How the Photo of Top Secret Folders at Trump’s Home Came About - The New York Times
"Federal agents arrayed classified materials on a floor at former President Donald J. Trump’s Florida residence for a photograph as a standard part of their evidence-gathering procedures."
On Wednesday, Mr. Trump took to his social media site to say that “the F.B.I., during the raid of Mar-a-Lago, threw documents haphazardly all over the floor (perhaps pretending that it was me that did it!), and then started taking pictures of them for the public to see.”
But the genesis of the photograph appears to be in keeping with standard protocols for how federal agents handle evidence they come across in a search.
The folders were arrayed by agents at Mar-a-Lago after being removed from what the filing indicated was Mr. Trump’s office — they were not discovered scattered on the floor, according to two federal law enforcement officials.
However, the article did not say how the visible parts of those documents got covered in white. Was it white sheets that the FBI agents put on top of them? Were those white sheets already there? Were those white areas painted on by someone with image-editing software?
The documents have a lot of overlap, and looking at the picture carefully, there look like some mistakes in doing that overlap. So the white areas were likely image-edited on (I don't like "Photoshopped").
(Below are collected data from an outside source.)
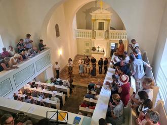 Es folgten vier Jahre der Planung, Fördermittelakquise, restauratorische Untersuchungen, Spendenaktionen und schließlich ab Herbst 2023 über eineinhalb Jahre Umsetzung. Viele Gewerke und Ehrenamtliche haben die Kirche gemeinsam verwandelt; aus dunklem Grau in Grau wurden strahlende Grüntöne mit goldenen Details, umgeben von warmem Weiß – eine in der Kirche freigelegte klassizistische Farbfassung. Auch die im Originalzustand erhaltene Orgel aus dem Jahr 1791 wurde umfassend restauriert. Neu hinzu kamen eine Toilette und eine kleine Teeküche, außerdem wurden die Kirchenbänke im hinteren Bereich mobil gemacht, sodass dort auch stattdessen Tische Platz finden können – oder auch mal eine Tischtennisplatte… Das Kirchgebäude öffnet sich für öffentliche und gemeinschaftliche Nutzungen über die Gottesdienste hinaus und stärkt so seine Rolle als wichtigster Ort der Zusammenkunft im Dorf.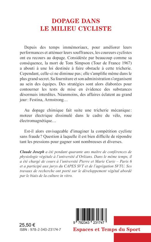 Depuis des temps immémoriaux, pour améliorer leurs performances et atténuer leurs souffrances, les coureurs cyclistes ont eu recours au dopage. Considérée par beaucoup comme sa conséquence, la mort de Tom Simpson (Tour de France 1967) a abouti à une loi destinée à faire obstacle à cette tricherie. Cependant, celle-ci ne diminue pas; elle s'amplifie même dans le plus grand secret. Sa fourniture et son administration s'organisent au sein des équipes. Des stratégies sont alors élaborées pour contourner les tests de mise en évidence des substances désormais interdites. Néanmoins, des affaires éclatent au grand jour: Festina, Armstrong...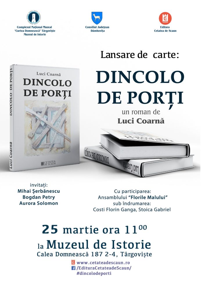 De la ora 11:00, are loc lansarea romanului „Dincolo de porți”, semnat de Luci Coarnă. Este un roman bazat pe fapte reale, o poveste de viață despre curajul unui om de a înfrunta orice obstacol pentru a ajunge într-o lume liberă de comunism.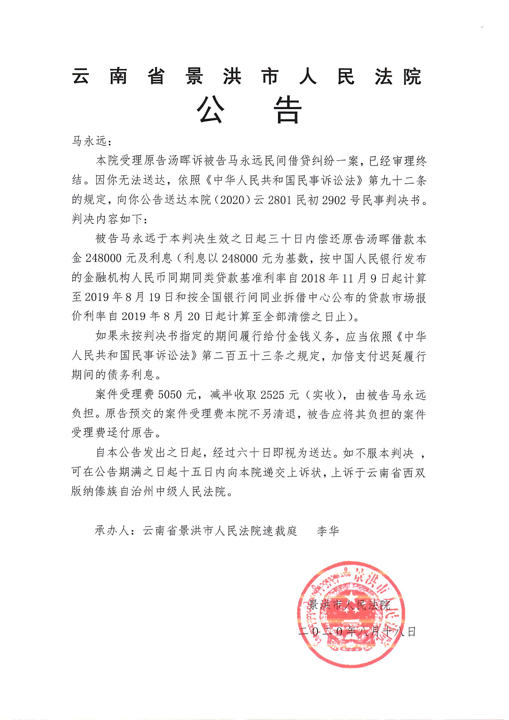 马永远(判决公告)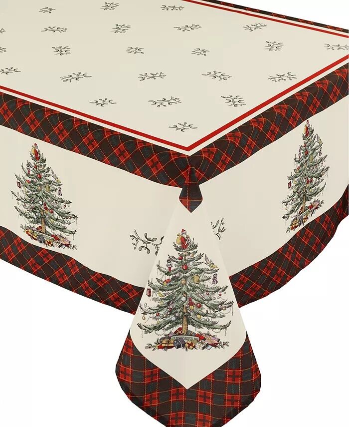 Продолговатая скатерть Spode Christmas Tree в клетку тартан — это новый взгляд на старую классику, с зелено-красной клетчатой ​​клеткой, которая придает ей свежий, новый вид с рождественскими елками вокруг низа скатерти и обрамленной сверху и снизу клетчатой ​​клеткой. и падуб и ягоды наполняют верх.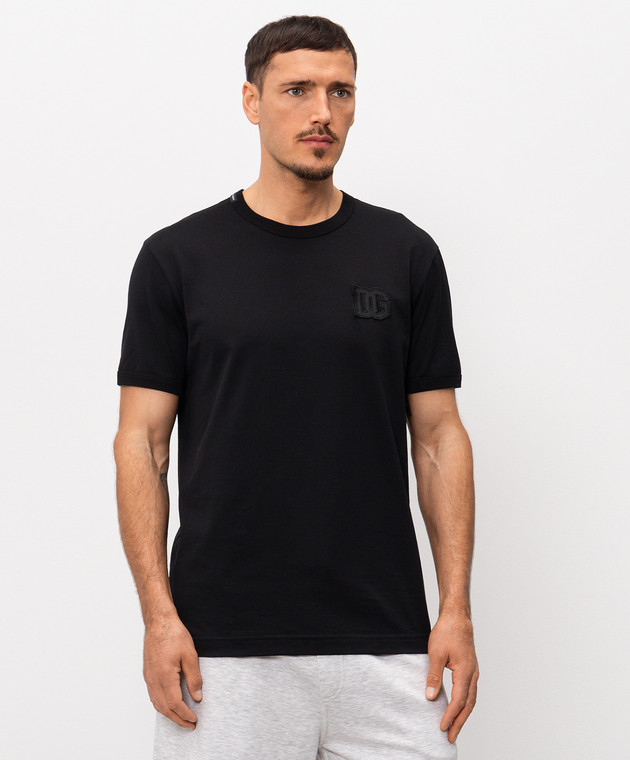 Чорна футболка з нашивкою монограми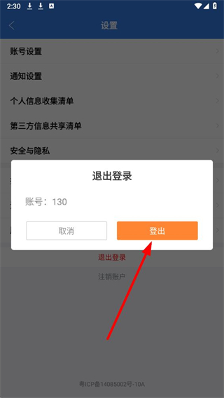 4、在彈窗中選擇登出按鈕,即可完成應(yīng)用的退出登錄操作。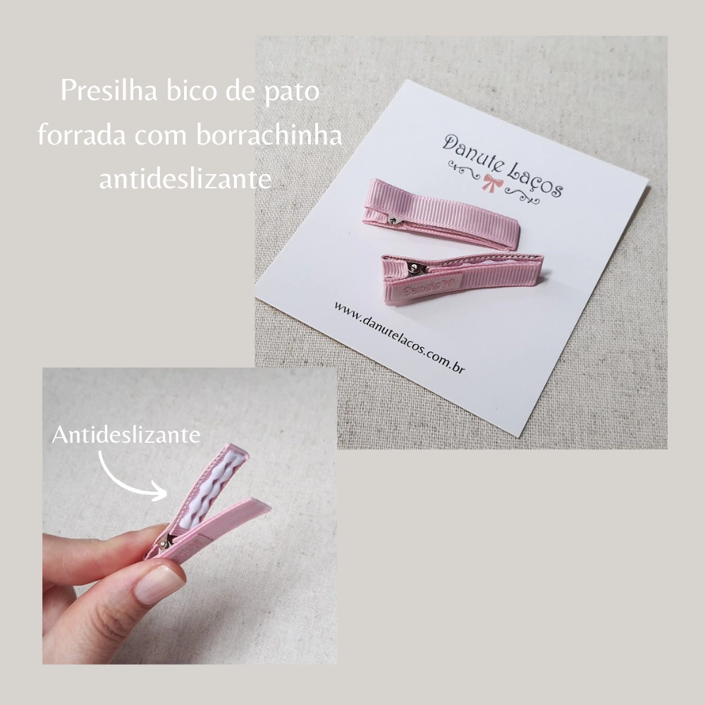 Fixação: Presilha forrada com borrachinha antideslizante.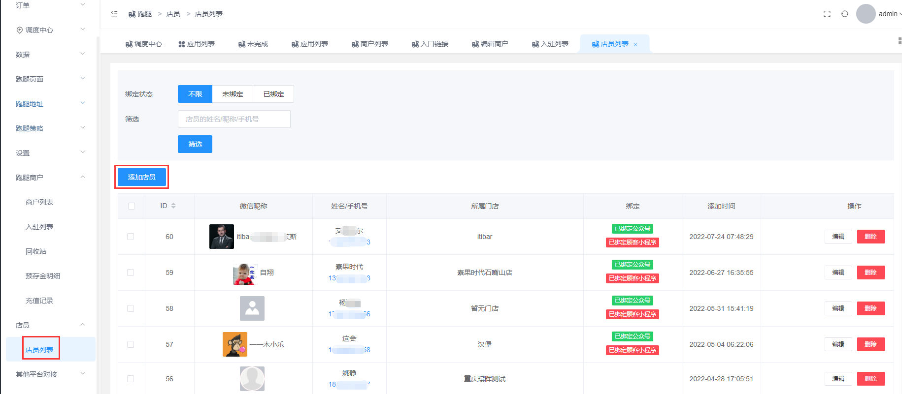 ## **1.3 绑定店员,设为管理员**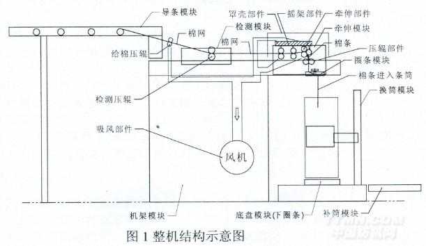 新機分為機架、吸風(fēng)、壓輥、圈條盤、壓輥、牽伸、搖架、罩殼、后檢測、導(dǎo)條、換筒、補筒及電控、氣動等十多個部件。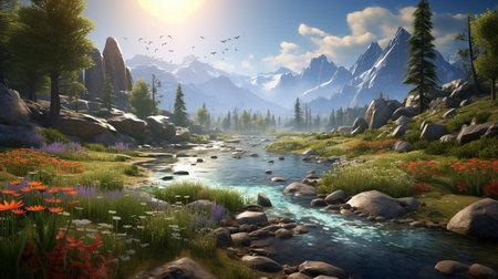An AI generated illustration of an idyllic landscape featuring an array of lush green trees, jagged mountains and sun-kissed rocks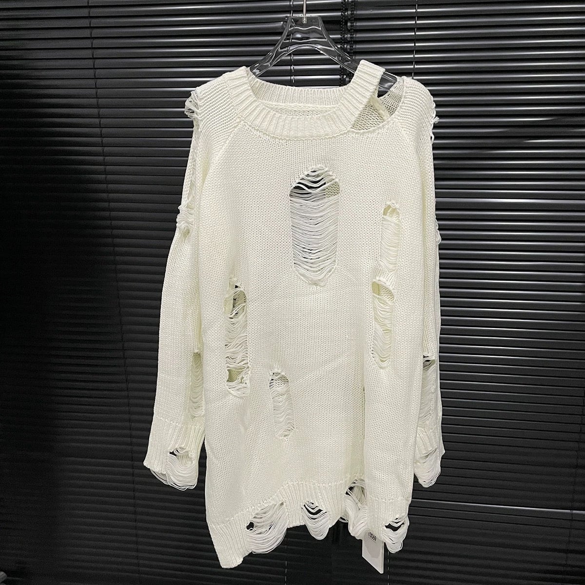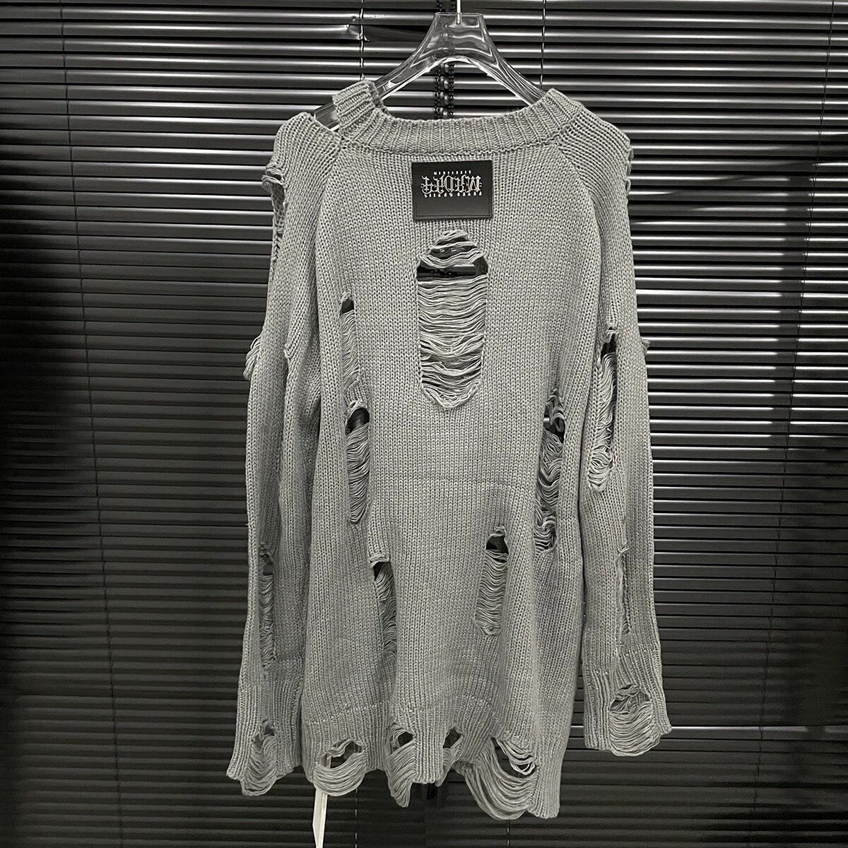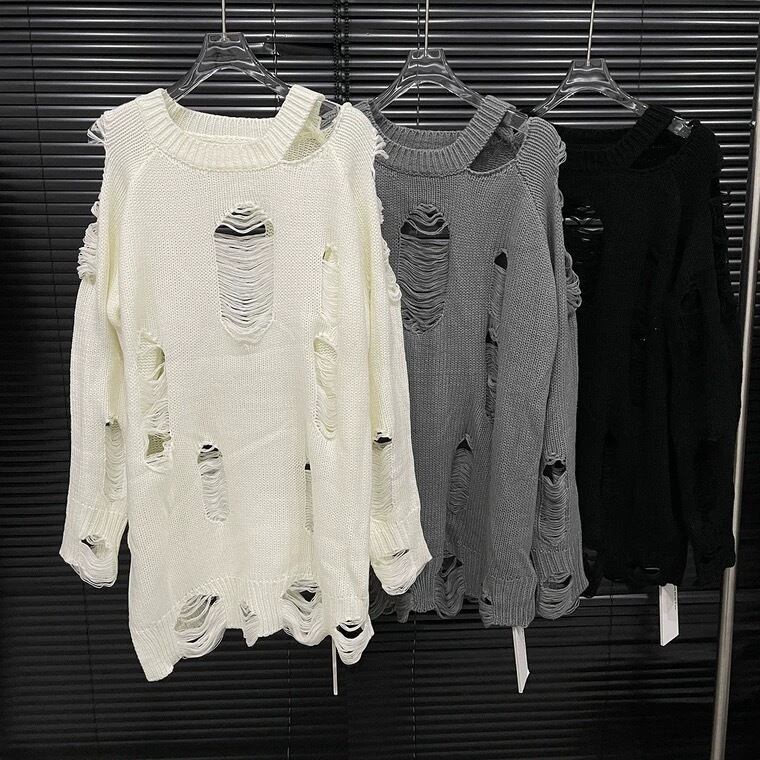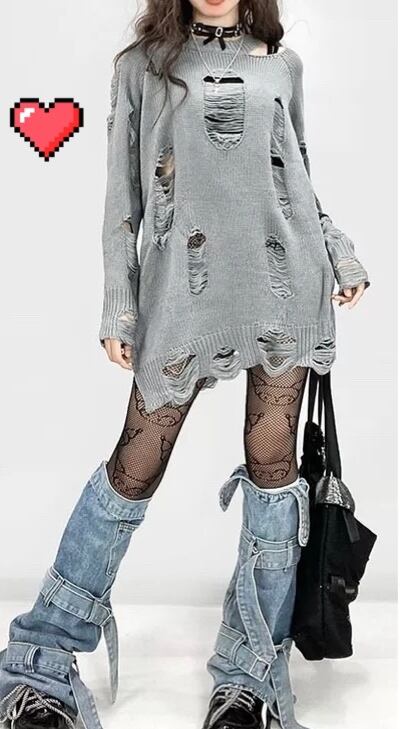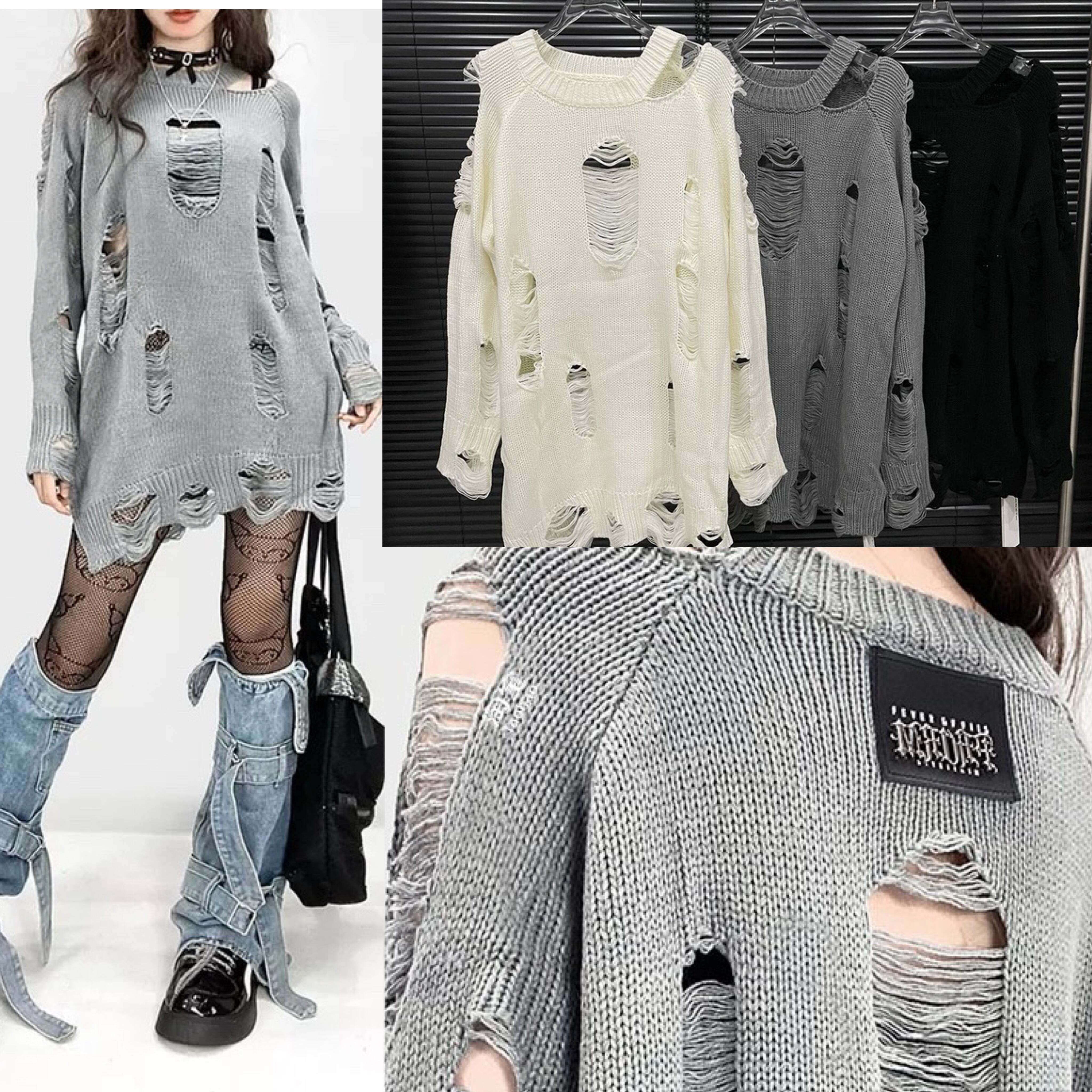 ダメージ 黒 グレー 白 セーター カーディガン ワンピース

Further evidence is how white those white areas are: noticeably whiter than the paper or the boxes, both of which were originally very white but were darkened in the picture from being photographed. The camera would likely have adjusted its exposure to make the brightest parts close to maximum for their hue and saturation, even if not exact maximum. Notice also the reddish tint of the documents That would have to be the result of image editing, which can make exact (255,255,255) #FFFFFF white. The white parts were (217,217,217), but much brighter than the box (133,143,149), the picture frame (152,155,150), or the documents (200,185,179). Image editing done on the 2040*1359 WEBP picture that was saved from the New York Times article.
Also,
One noteworthy element of the photograph, as the Justice Department pointed out in its filing yesterday, is that none of the folders bear a label or stamp indicating that Mr. Trump declassified them, as he has periodically claimed when asked about his retention of government materials requested by the National Archives. Documents that have been declassified typically contain explicit markings indicating the change.